A little history on black hair
The concept of "good hair" is something we've all heard about and it has influenced how many of us view our natural hair. From a young age, we have been told that our hair wasn't good enough, that our curls needed to be tamed, smoothed, or changed to fit in with what society deemed acceptable.
But this wasn't always the case. In pre colonial times, black hair was associated with personal identity and belonging. The way in which you style your hair and the hairstyle you chose was a way to tell the world who you were. From mothers to daughters to soldiers, everyone had a particular style that represented the group or tribe that they were a part of. So, hair was much more than a symbol of beauty, it represented identity. However, when the slave trade began, all of that changed. Eurocentric beauty standards were enforced rigorously and black traits were deemed inferior. Black hair became a source of shame rather than pride.
This set the stage for the negative perceptions and stereotypes surrounding curly and coily hair that still influence society today. And as movements advocating for black liberation emerged, the topic of hair naturally took center stage.
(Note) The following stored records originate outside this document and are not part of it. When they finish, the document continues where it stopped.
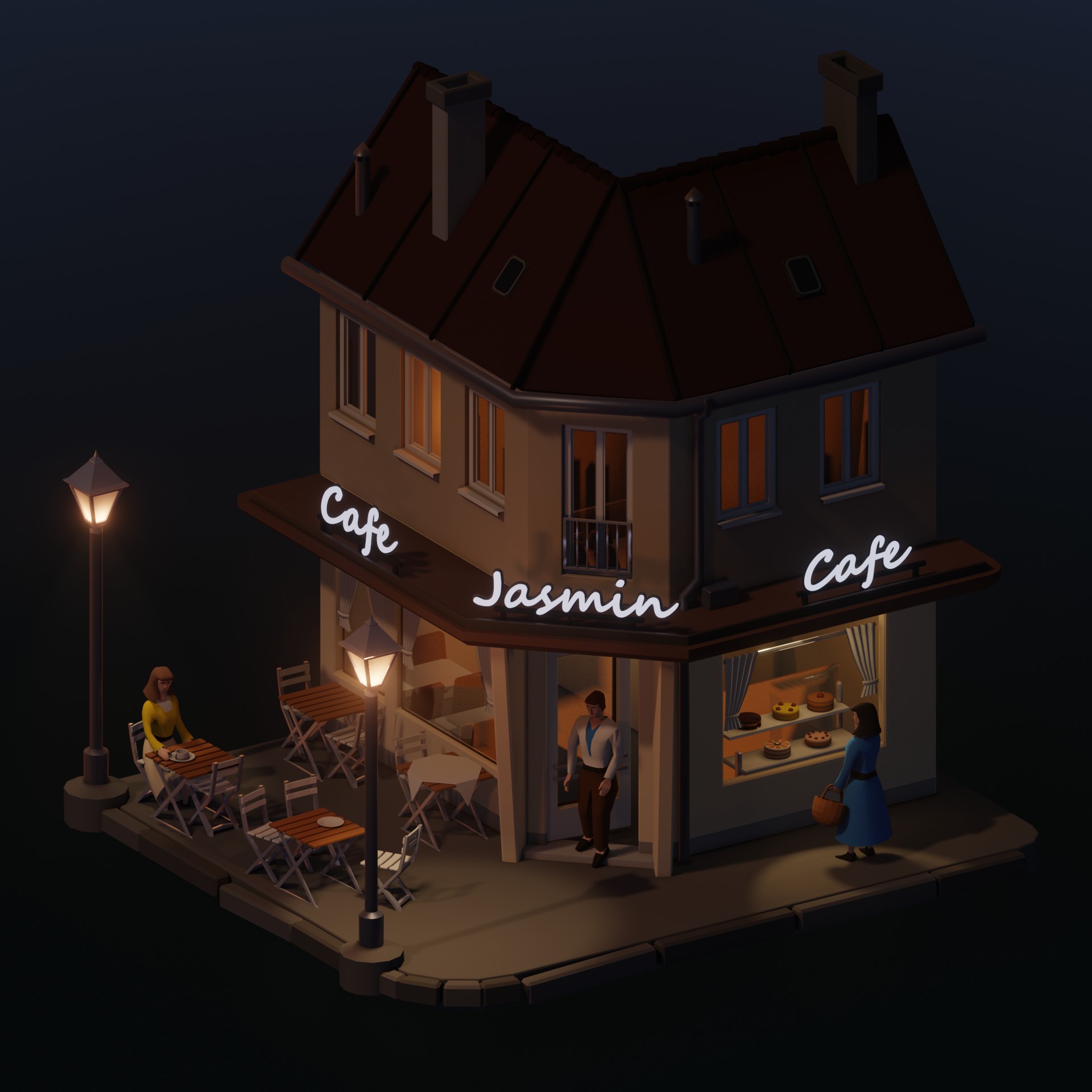 Das Cafe Jasmin gibt es wirklich. Es ist eines der letzten Cafes im Stil der 1950er Jahre in München. Ich habe das Haus allerdings verkleinert, Laternen und Tische auf der Straße dazu erfunden. Also Alltag durch die nostalgische Brille, Gurkenbier.
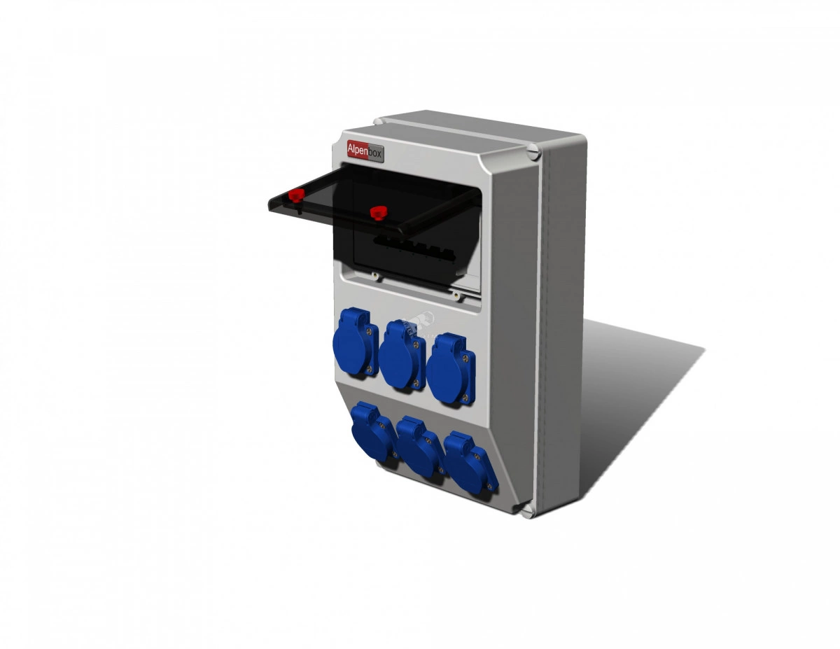 Устройство распределительное AlpenBox, настенное, пластик. Изделие имеет вход сальник - М25 и выход розетки Schuko - 6. Информация по защите - защита на выходе - автоматический выключатель - 16A/1p - 6шт. Размеры корпуса составляют 222x369x130. IP 54.
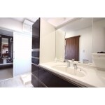 W1200の洗面化粧台を設置。広い洗面空間になり、室内物干しも可能です。
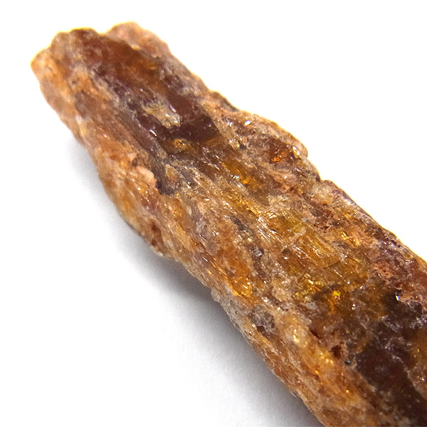 タンザニア産のカイヤナイトといえば、ブルーとクリアが混在する透明感のあるモノがよく知られており、他にはグリーンがたまに見かける程度で、それ以外の色彩は見られませんでした。しかし一方で、同じタンザニアから鉄分を多く含んだオレンジ色のカイヤナイトが産出されることは、あまり知られていません。
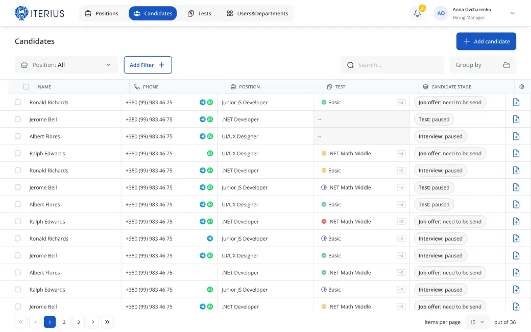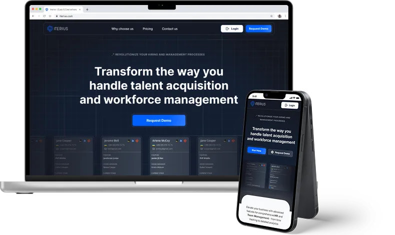 Iterius was designed for a mid-sized company scaling its operations and HR processes. The goal was to create a single intelligent AI-powered platform that covered everything from applicant tracking and onboarding to advanced employee analytics and resource planning. The client emphasized simplicity, speed, and adaptability — and that shaped every sprint, decision, and delivery. We aimed to build not just a tool but a long-term ecosystem for modern HR excellence.
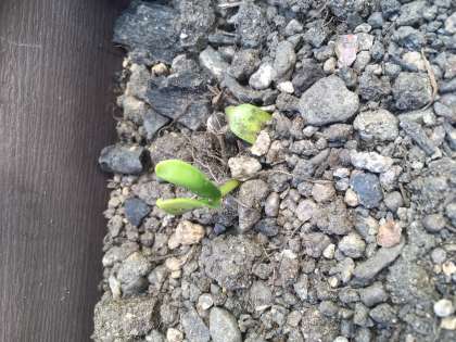 ひまわりの芽がでました。ひまわりの芽はどんな形をしているか分かりますか。
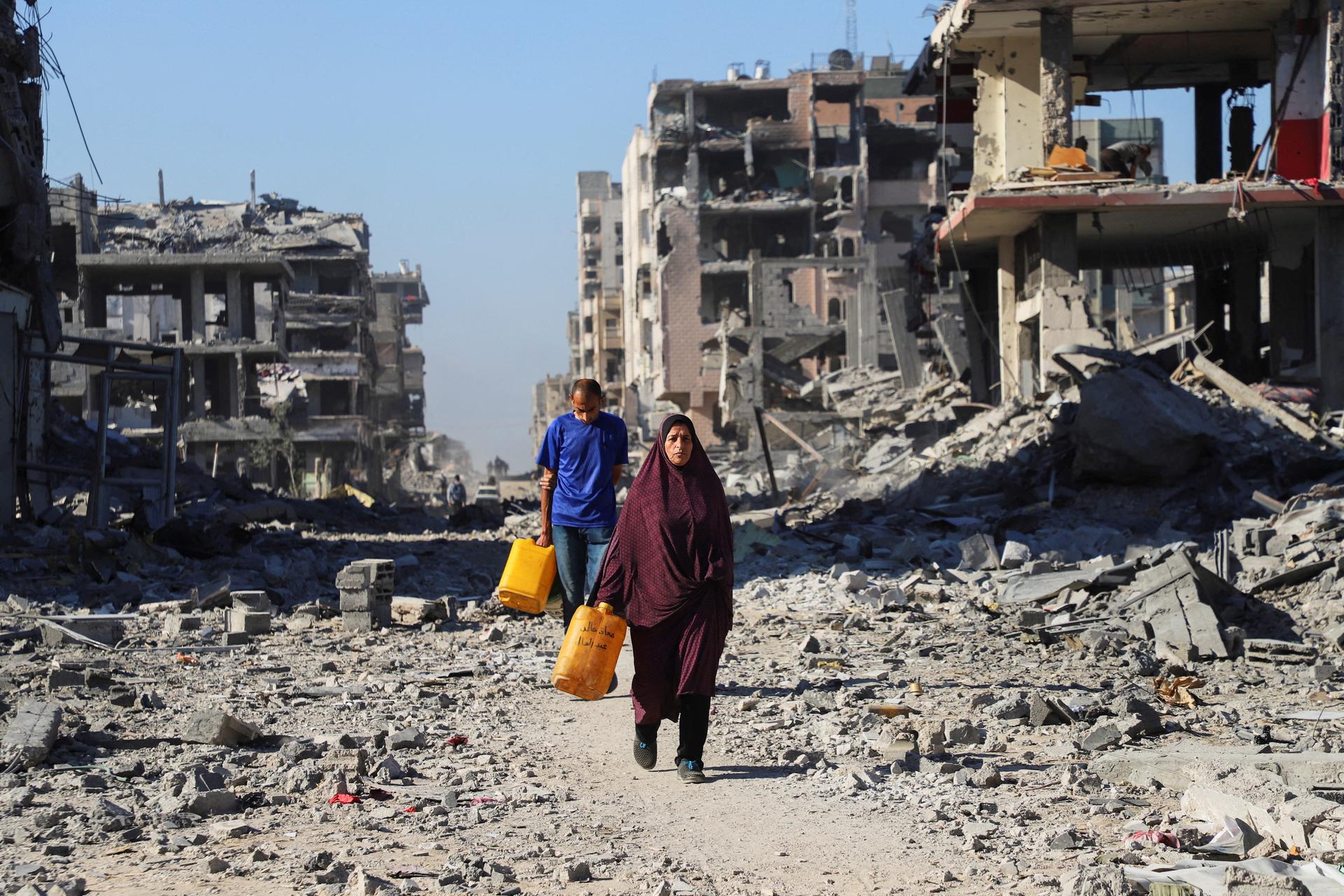 Palestinians walk past the rubble of destroyed buildings in Gaza City. REUTERS/Ebrahim Hajjaj |

As a symbol of pride in their black heritage and resistance, people began proudly wearing their afros in public.
How Hair Trauma still affects black people today
Unfortunately, even today, black hair remains highly politicized, and individuals with curly and coily hair still feel compelled to conform to European beauty standards. We continue to hear that the natural hair growing from our scalps is too much, too big, and unsuitable for certain environments. Our hair remains a tool used to oppress us in various ways.
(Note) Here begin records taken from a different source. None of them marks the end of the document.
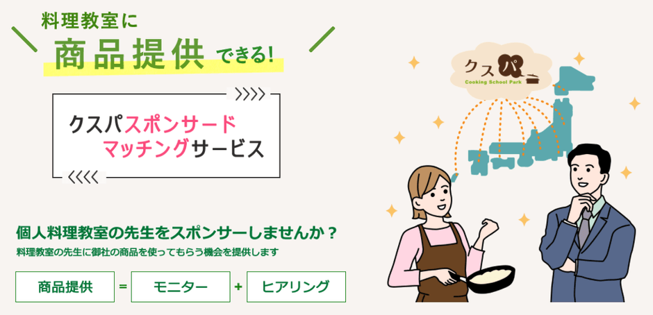 そこで、今回、食材や調理器具を提供することで料理教室をスポンサードしたい企業と、新しい商品に興味があり支援を受けたい先生をマッチングするサービスを開始することにしました。
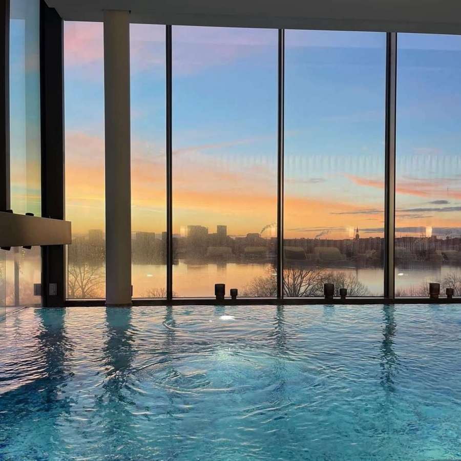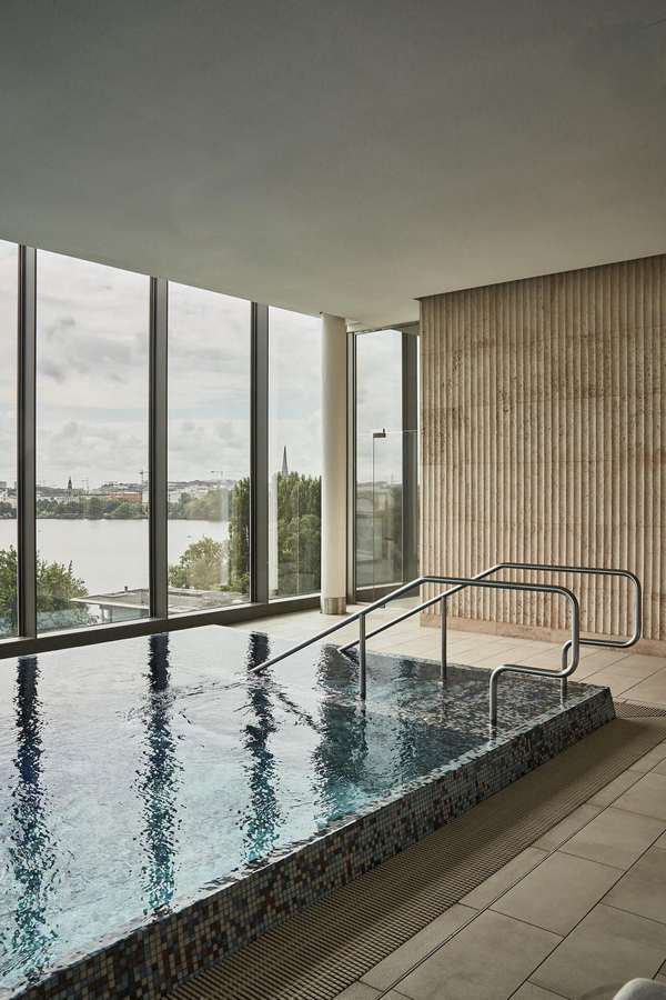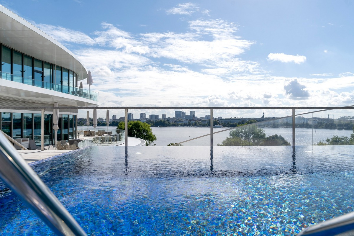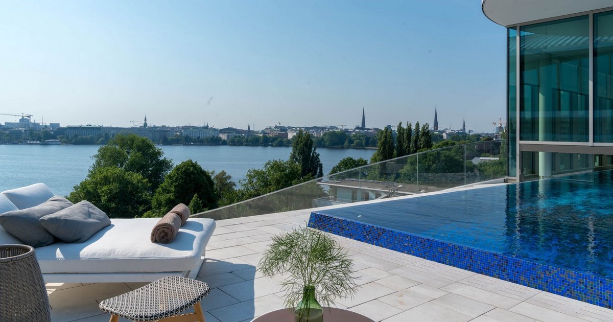 Das Luxushotel „The Fontenay“ liegt am Ufer des Alstersees in Hamburg, nur wenige Gehminuten von der berühmten Einkaufsmeile Jungfernstieg entfernt. Das Resort betreibt ein 1.000 m² großes Spa auf dem Dach mit Innen- und Außenpool. Genießen Sie eine Mahlzeit im Gourmetrestaurant Lakeside mit Blick auf die Alster.
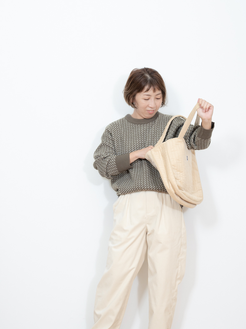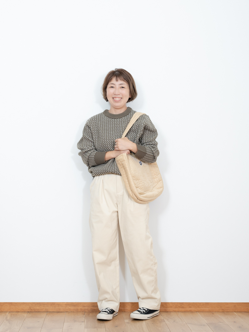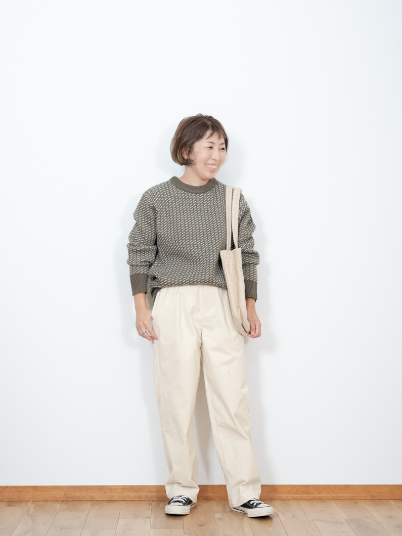 Birdseye knit KHAKIを使用したコーディネート。
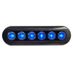 This amazing and stylish 6-button switch button system features blue backlit LED buttons and an array of label options with logos and patterns to select the right light in use. This switch panel is prewired and fused and ready to install in minutes to up to 6 lights or other electronic systems to turn on/off. The 316 stainless steel cover bezel gives this unit a phenomenal look and hides the screw mounts behind the bezel. Great for Automotive or Marine applications.
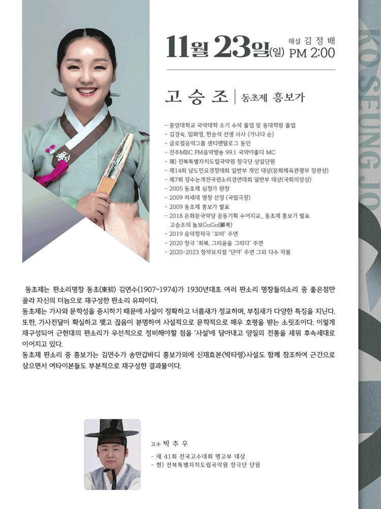 유파별 해설이 있는 판소리 다섯바탕 Ⅱ 고승조의 동초제 흥보가 전주 25.11.23(일) ~ 11.23(일) |

Take the story of Chastity Jones for instance. In 2010, she received a job offer from a company called Catastrophe Management Solutions, but with one condition: she had to cut off her locs. Allegedly, the person hiring Jones told her while referring to her hair “They tend to get messy”. Appalled, Jones refused to cut her hair, resulting in the withdrawal of her job offer. Five years later, Lettia McNickle, a hostess working for Madison’s Grill in downtown Montreal, was sent home when she showed up to work with braids in her hair. Allegedly, she had already worked several shifts before her boss decided to confont her about her hair in front of the customers.
Three years later, the story of Faith Fennidy, a young black girl, gained national attention after a video went viral of her being expelled from Christ the King Elementary School in Louisiana because of her braids. And that is just the beginning. Many black people continue to be discriminated against both in the academic and professional settings due to their hair being considered too distracting or unprofessional.
From Hair Trauma to Hair Glory
Despite the challenges we've faced, we continue to rise above and have created numerous spaces and movements to celebrate our crowns and heritage. One such movement is the natural hair community. Through this community, we've shared stories, tips, and experiences, committing to learning how to care for our beautiful crowns.
There's also a growing recognition of the importance of representation in the media. More and more, black actors, singers, and celebrities proudly showcase their gorgeous natural curls in movies, TV shows, and advertisements. This increased visibility not only challenges traditional beauty standards but also celebrates the diversity and beauty of black hair.
These initiatives serve as a reminder of our strength, beauty and resilience. And, by wearing our crown with pride and refusing to let society dictate our worth, we're rewriting the narrative of what it means to have "good hair." We're creating our own standards of beauty, one curl at a time.
Because here's the truth: “good hair” comes in all shapes, sizes and textures. And embracing and celebrating diverse hair textures is not only an act of self-love and empowerment but it's the first step on the journey from hair trauma to hair glory.